**TASK ITEM:** Could you restate the entries word for word, without the images?

**DATA FOR THIS EXERCISE:**
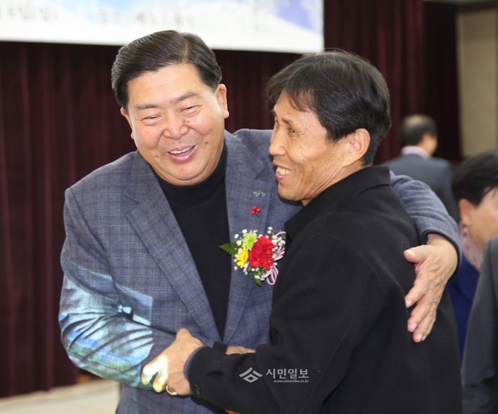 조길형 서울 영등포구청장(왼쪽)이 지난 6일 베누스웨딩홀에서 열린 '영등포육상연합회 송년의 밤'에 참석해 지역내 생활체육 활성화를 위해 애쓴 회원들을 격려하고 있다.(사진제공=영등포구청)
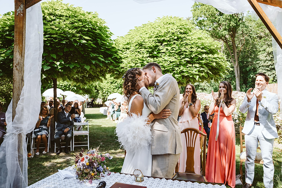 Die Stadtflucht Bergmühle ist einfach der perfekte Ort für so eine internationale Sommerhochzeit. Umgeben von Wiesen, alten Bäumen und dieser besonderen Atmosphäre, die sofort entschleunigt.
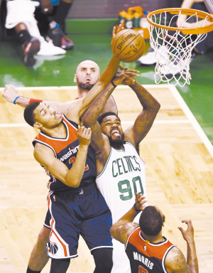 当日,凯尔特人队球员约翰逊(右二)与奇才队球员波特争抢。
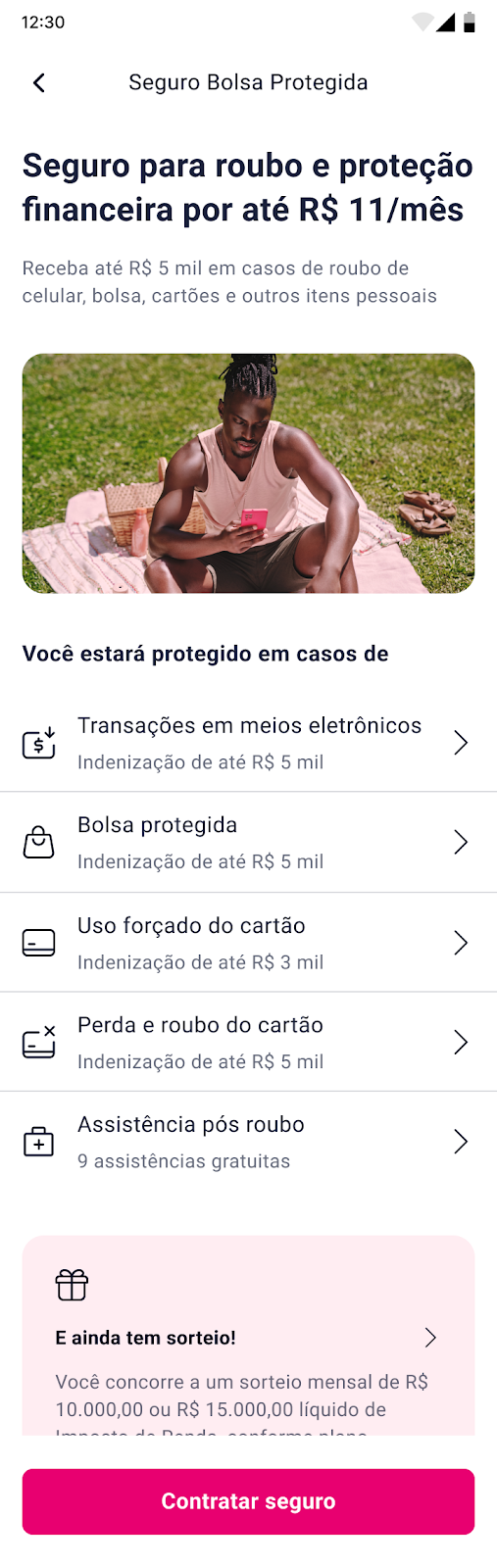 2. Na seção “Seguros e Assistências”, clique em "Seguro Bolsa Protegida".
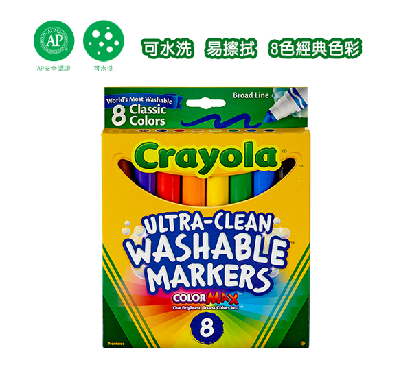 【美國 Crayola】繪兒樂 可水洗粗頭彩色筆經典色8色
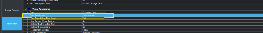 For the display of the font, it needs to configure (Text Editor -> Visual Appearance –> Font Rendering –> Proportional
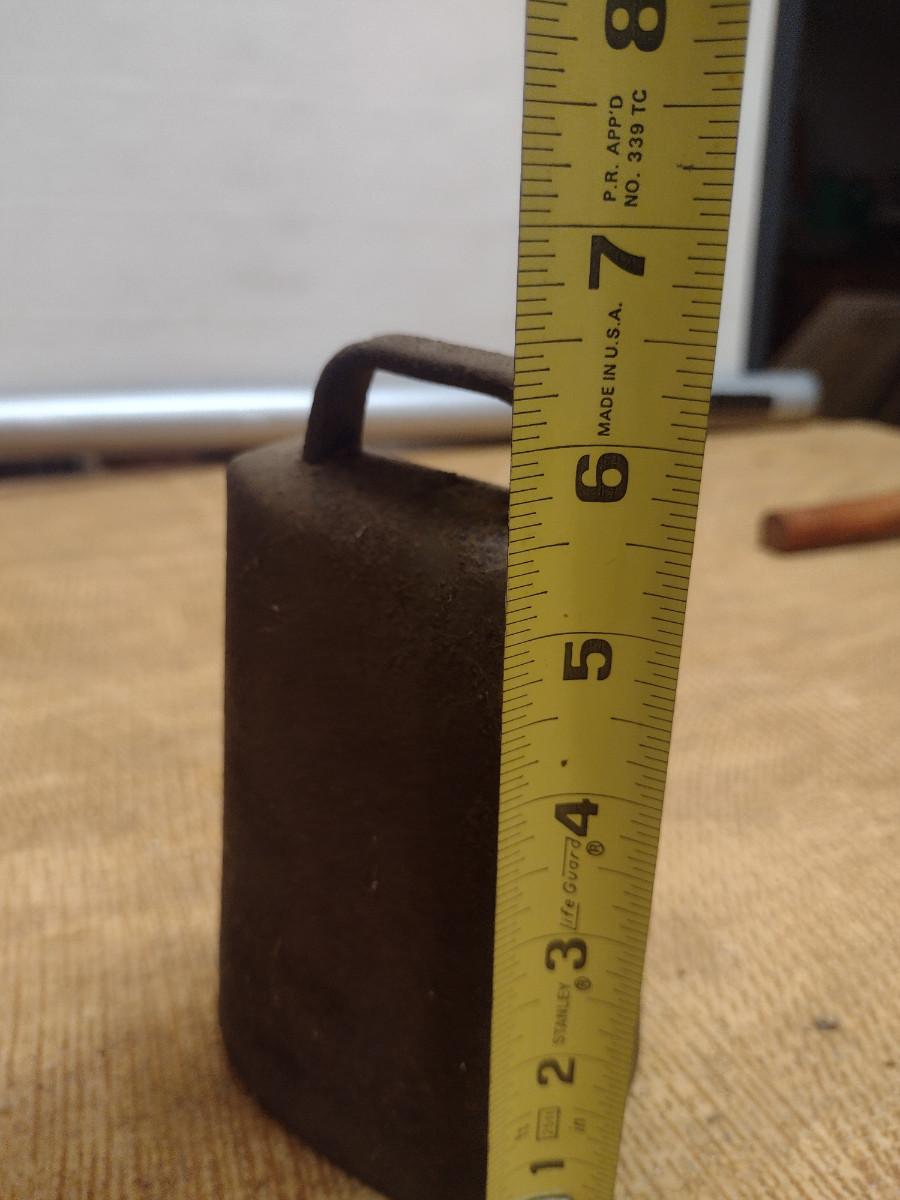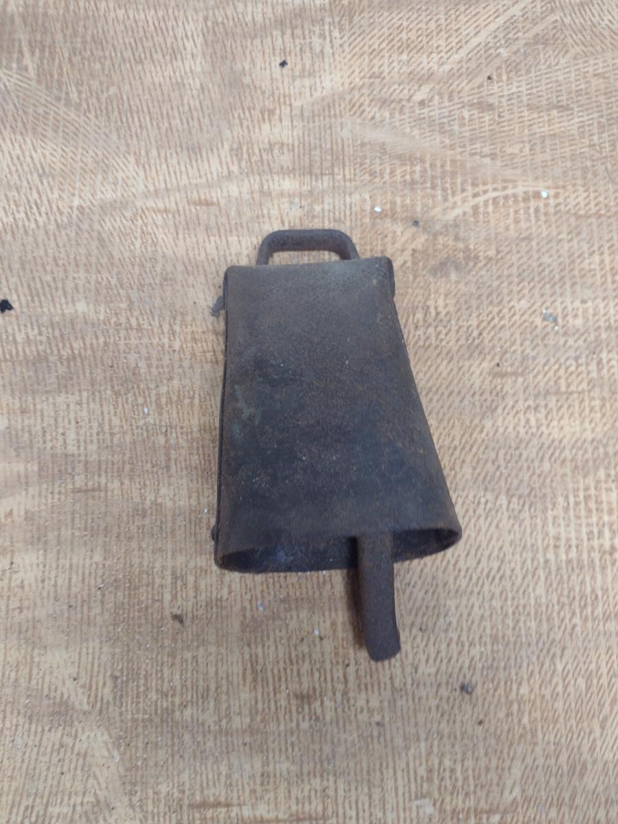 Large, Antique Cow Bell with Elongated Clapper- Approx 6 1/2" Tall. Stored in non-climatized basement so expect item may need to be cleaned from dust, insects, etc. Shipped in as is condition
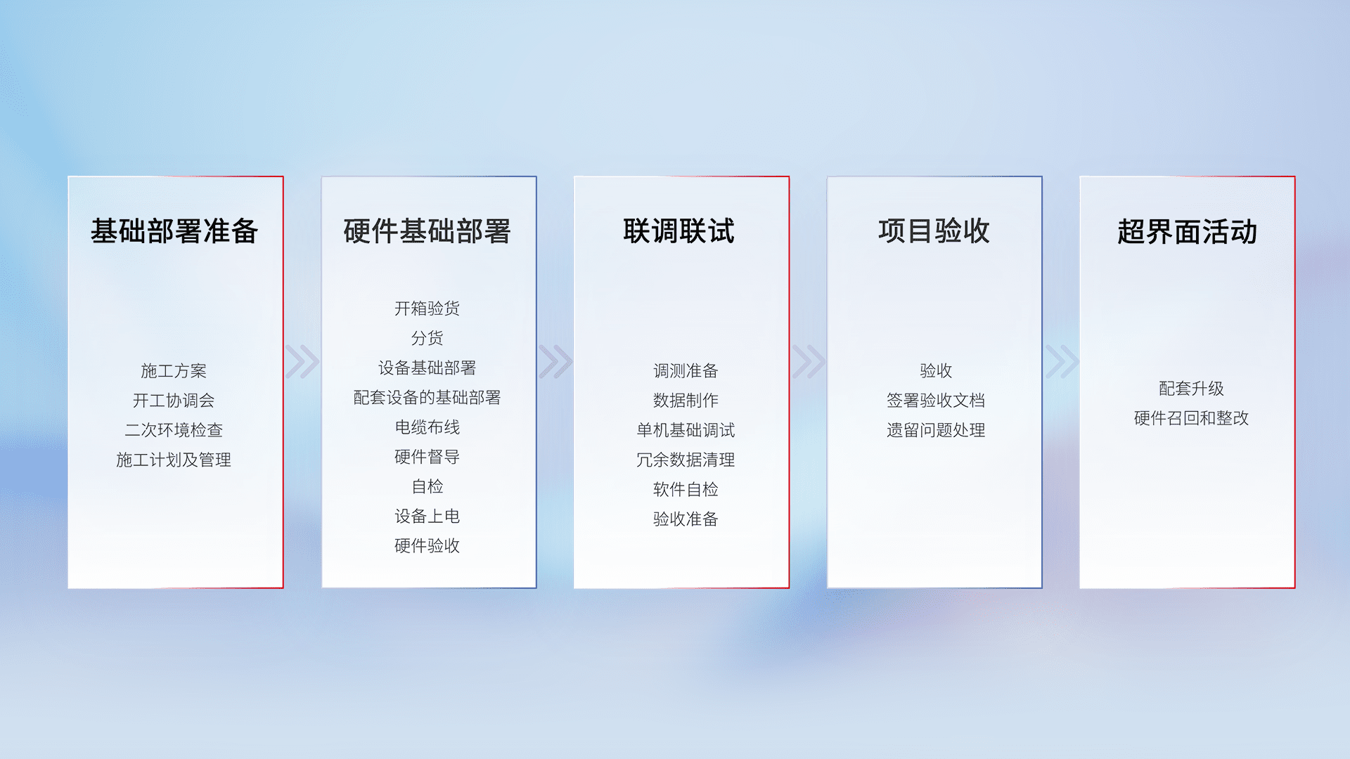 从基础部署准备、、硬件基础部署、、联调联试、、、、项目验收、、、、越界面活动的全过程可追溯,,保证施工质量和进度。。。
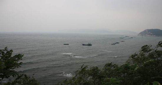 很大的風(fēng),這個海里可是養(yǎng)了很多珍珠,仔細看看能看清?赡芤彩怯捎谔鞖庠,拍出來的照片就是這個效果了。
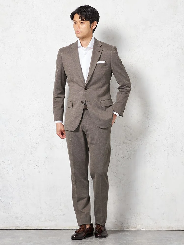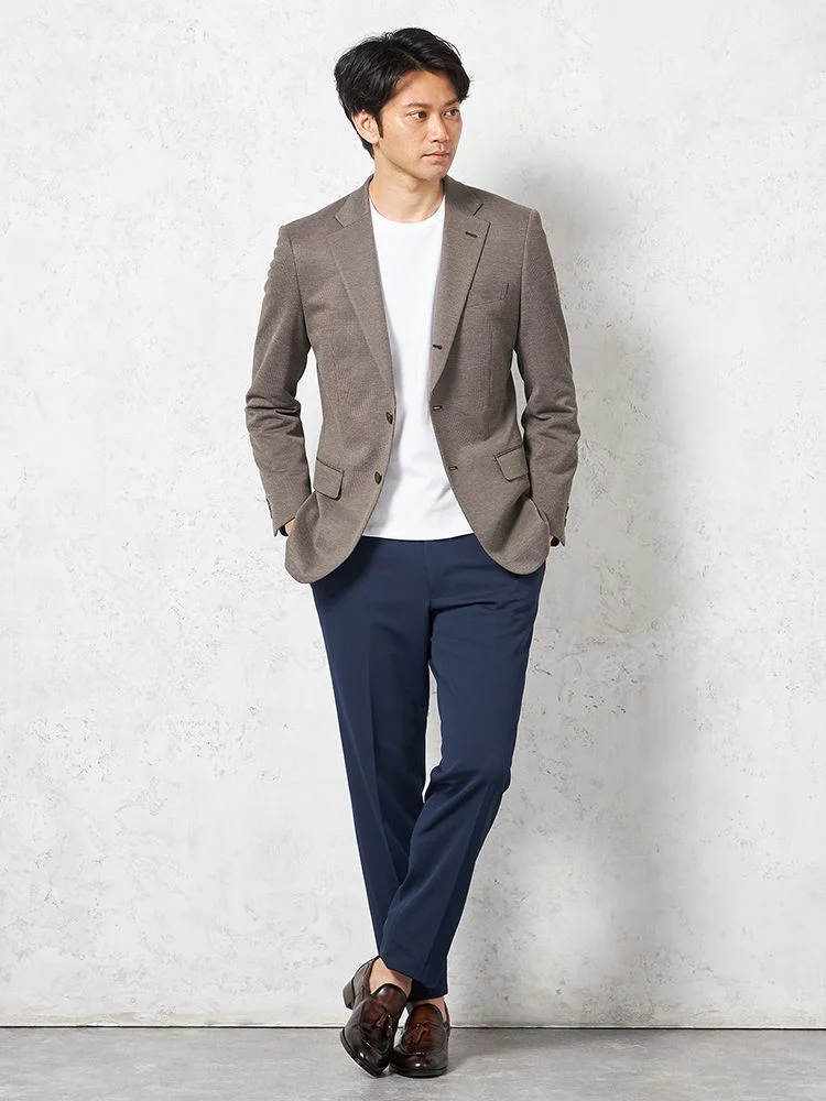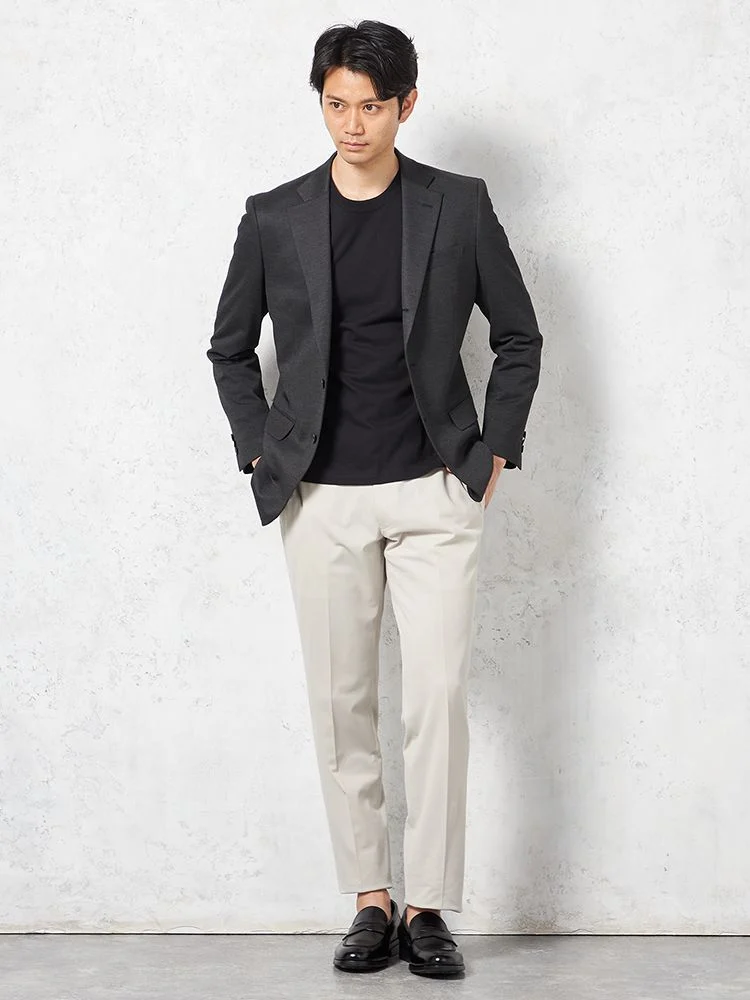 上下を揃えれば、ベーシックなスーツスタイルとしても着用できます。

**RESULT OF THIS TASK:**
 조길형 서울 영등포구청장(왼쪽)이 지난 6일 베누스웨딩홀에서 열린 '영등포육상연합회 송년의 밤'에 참석해 지역내 생활체육 활성화를 위해 애쓴 회원들을 격려하고 있다.(사진제공=영등포구청)
 Die Stadtflucht Bergmühle ist einfach der perfekte Ort für so eine internationale Sommerhochzeit. Umgeben von Wiesen, alten Bäumen und dieser besonderen Atmosphäre, die sofort entschleunigt.
 当日,凯尔特人队球员约翰逊(右二)与奇才队球员波特争抢。
 2. Na seção “Seguros e Assistências”, clique em "Seguro Bolsa Protegida".
 【美國 Crayola】繪兒樂 可水洗粗頭彩色筆經典色8色
 For the display of the font, it needs to configure (Text Editor -> Visual Appearance –> Font Rendering –> Proportional
 Large, Antique Cow Bell with Elongated Clapper- Approx 6 1/2" Tall. Stored in non-climatized basement so expect item may need to be cleaned from dust, insects, etc. Shipped in as is condition
 从基础部署准备、、硬件基础部署、、联调联试、、、、项目验收、、、、越界面活动的全过程可追溯,,保证施工质量和进度。。。
 很大的風(fēng),這個海里可是養(yǎng)了很多珍珠,仔細看看能看清?赡芤彩怯捎谔鞖庠,拍出來的照片就是這個效果了。
 上下を揃えれば、ベーシックなスーツスタイルとしても着用できます。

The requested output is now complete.